*Work instructions*
Set the data down again, word for word, as it appears below.

*Provided material*
#####

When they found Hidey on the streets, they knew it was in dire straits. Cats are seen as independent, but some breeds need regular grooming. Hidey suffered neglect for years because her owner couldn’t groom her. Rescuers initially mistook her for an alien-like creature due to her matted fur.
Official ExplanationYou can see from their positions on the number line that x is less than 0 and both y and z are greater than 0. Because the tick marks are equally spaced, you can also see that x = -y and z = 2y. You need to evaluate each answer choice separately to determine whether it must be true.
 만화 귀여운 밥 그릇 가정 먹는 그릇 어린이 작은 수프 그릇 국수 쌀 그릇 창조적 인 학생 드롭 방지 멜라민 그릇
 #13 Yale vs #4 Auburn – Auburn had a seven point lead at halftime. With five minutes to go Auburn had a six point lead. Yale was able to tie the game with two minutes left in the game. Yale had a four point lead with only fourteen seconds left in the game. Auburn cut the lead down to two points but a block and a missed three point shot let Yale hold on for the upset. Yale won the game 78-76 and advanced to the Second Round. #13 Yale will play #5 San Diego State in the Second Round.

#####

*Result for this task*
When they found Hidey on the streets, they knew it was in dire straits. Cats are seen as independent, but some breeds need regular grooming. Hidey suffered neglect for years because her owner couldn’t groom her. Rescuers initially mistook her for an alien-like creature due to her matted fur.
Official ExplanationYou can see from their positions on the number line that x is less than 0 and both y and z are greater than 0. Because the tick marks are equally spaced, you can also see that x = -y and z = 2y. You need to evaluate each answer choice separately to determine whether it must be true.
 만화 귀여운 밥 그릇 가정 먹는 그릇 어린이 작은 수프 그릇 국수 쌀 그릇 창조적 인 학생 드롭 방지 멜라민 그릇
 #13 Yale vs #4 Auburn – Auburn had a seven point lead at halftime. With five minutes to go Auburn had a six point lead. Yale was able to tie the game with two minutes left in the game. Yale had a four point lead with only fourteen seconds left in the game. Auburn cut the lead down to two points but a block and a missed three point shot let Yale hold on for the upset. Yale won the game 78-76 and advanced to the Second Round. #13 Yale will play #5 San Diego State in the Second Round.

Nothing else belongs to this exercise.